- Born: 1963 (age 62–63)
- Education: Trinity College, Cambridge
- Occupations: Journalist, author and literary critic
- Relatives: Julien Lezard (great-uncle)

= Nicholas Lezard =

English journalist (born 1963)

Nicholas Andrew Selwyn Lezard (born 1963) is an English journalist, author and literary critic.

He won the Jack Trevor Story Memorial Cup for 2015.

==Background and education==

Nicholas Lezard's great-uncle Julian Lezard (1902–1958) was a barrister and society figure, who served in the Special Operations Executive. Julian Lezard married Hilda Cooper.

Lezard was educated at The Hall School, Hampstead, Westminster School, and Trinity College, Cambridge (BA 1984, MA 1990).

==Career==

Lezard was literary editor of Modern Review, which appeared from 1991 to 1995 and again briefly in 1997. From 2007 to 2017, he had a weekly column, "Nicholas Lezard's choice", reviewing paperback books for The Guardian. He also writes for The Independent.
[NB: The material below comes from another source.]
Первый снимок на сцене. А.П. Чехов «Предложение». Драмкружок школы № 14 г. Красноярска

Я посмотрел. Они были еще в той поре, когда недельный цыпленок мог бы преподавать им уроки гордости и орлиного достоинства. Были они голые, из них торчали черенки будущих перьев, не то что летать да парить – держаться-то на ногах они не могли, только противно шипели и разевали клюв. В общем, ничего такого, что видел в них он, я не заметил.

He formerly wrote the "Slack Dad" column for the Guardian, about his life as a parent. Later he started the "Down and Out" column, about his life after his marriage ended, for the New Statesman, which has resulted in three collections of memoir, starting with Bitter Experience Has Taught Me in 2013. Two more volumes of memoir have subsequently appeared.
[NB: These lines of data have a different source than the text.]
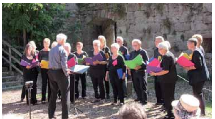
Gemischter Chor Scheden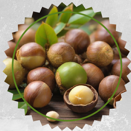
Macadamia Seed Oil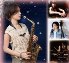
縹縹歩美カルテット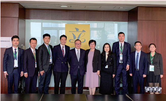
深圳市司法局人員到訪立法會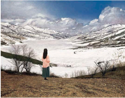
大畑 稔浩《春の予感》1993年 東京ステーションギャラリー蔵

めがね、それは 見えないものを見るための、 世界ののぞき窓。 美術もまた、私たちが 世界を知るための窓である。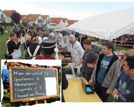
Die Cospedaer Vereine können die Nachfrage kaum befriedigen. 1600 (!) Bratwürste, 325 Rostbrätchen und unzählige Crepes gehen hier über den Tresen.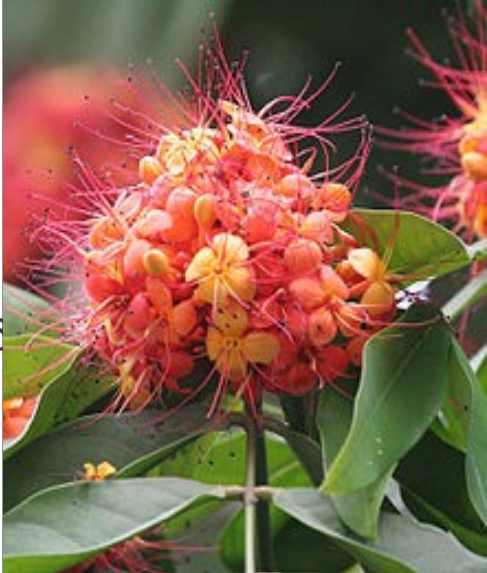
അശോകം (സരാക്ക ഇൻഡിക്ക) കരപ്പൻ, ചോറി, ചിരങ്ങ് രക്തശുദ്ധിക്ക്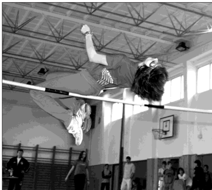
Děvčata z kategorie starších začek skákala výšku 140 cm.

Na stupních vítězů v jednotlivých kategoriích podle věku stanuli:

His book The Nolympics: One Man's Struggle Against Sporting Hysteria was published in 2012 by Penguin Books.

Lezard was awarded the Jack Trevor Story Memorial Cup for 2015.
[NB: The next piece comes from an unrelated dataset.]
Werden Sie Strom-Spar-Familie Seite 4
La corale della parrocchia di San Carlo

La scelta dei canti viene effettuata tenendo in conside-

In 2018 Lezard was a judge for the Goldsmiths Prize, alongside Adam Mars-Jones, Elif Shafak and Deborah Levy.

== Reception ==

Nicholas Clee, reviewing Bitter Experience Has Taught Me in The Guardian, writes that the book is an adaptation of Lezard's New Statesman column, "done with such a light touch as to be almost unnoticeable." Clee finds Lezard's writing funny, entertaining, and companionable. Leyla Sanai, in The Independent, calls the book a "mild-mannered comedy of errors" in the P. G. Wodehouse mould, with Lezard mixing "self deprecation with [a] spirit of irreverence"; she finds the book "hilarious".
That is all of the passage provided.